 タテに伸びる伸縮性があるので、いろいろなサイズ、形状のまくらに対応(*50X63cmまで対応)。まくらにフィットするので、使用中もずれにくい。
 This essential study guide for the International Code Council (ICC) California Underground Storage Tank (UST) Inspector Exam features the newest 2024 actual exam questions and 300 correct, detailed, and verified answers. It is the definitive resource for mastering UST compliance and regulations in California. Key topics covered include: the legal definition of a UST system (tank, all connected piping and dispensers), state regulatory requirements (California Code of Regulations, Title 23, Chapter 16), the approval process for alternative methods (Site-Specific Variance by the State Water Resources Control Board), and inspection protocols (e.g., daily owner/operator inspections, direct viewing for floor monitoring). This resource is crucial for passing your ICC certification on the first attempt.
---
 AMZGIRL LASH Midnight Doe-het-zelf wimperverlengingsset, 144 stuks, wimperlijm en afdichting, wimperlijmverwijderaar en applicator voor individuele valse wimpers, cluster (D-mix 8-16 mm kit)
...
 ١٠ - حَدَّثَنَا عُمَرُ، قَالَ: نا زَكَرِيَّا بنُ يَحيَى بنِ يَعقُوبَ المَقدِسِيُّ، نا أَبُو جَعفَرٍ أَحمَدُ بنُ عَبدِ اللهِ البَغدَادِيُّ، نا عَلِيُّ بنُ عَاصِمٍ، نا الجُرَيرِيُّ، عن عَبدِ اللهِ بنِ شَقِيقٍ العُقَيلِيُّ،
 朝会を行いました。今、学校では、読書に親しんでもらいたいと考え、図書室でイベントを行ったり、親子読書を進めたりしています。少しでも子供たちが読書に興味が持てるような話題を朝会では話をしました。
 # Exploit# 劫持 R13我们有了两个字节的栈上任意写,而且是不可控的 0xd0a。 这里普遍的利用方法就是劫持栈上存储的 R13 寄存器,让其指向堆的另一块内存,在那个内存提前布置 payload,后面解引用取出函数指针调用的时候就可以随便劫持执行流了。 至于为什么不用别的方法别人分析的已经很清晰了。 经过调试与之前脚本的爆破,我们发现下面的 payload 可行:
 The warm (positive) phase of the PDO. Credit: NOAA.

• **ACTION ITEM**: Every line above from the line with "タテに伸びる伸縮性があるので" to the line with "This essential study", both included, must be reproduced exactly, and no other line may appear.

• **RESPONSE FOR THIS EXERCISE**:
 タテに伸びる伸縮性があるので、いろいろなサイズ、形状のまくらに対応(*50X63cmまで対応)。まくらにフィットするので、使用中もずれにくい。
 This essential study guide for the International Code Council (ICC) California Underground Storage Tank (UST) Inspector Exam features the newest 2024 actual exam questions and 300 correct, detailed, and verified answers. It is the definitive resource for mastering UST compliance and regulations in California. Key topics covered include: the legal definition of a UST system (tank, all connected piping and dispensers), state regulatory requirements (California Code of Regulations, Title 23, Chapter 16), the approval process for alternative methods (Site-Specific Variance by the State Water Resources Control Board), and inspection protocols (e.g., daily owner/operator inspections, direct viewing for floor monitoring). This resource is crucial for passing your ICC certification on the first attempt.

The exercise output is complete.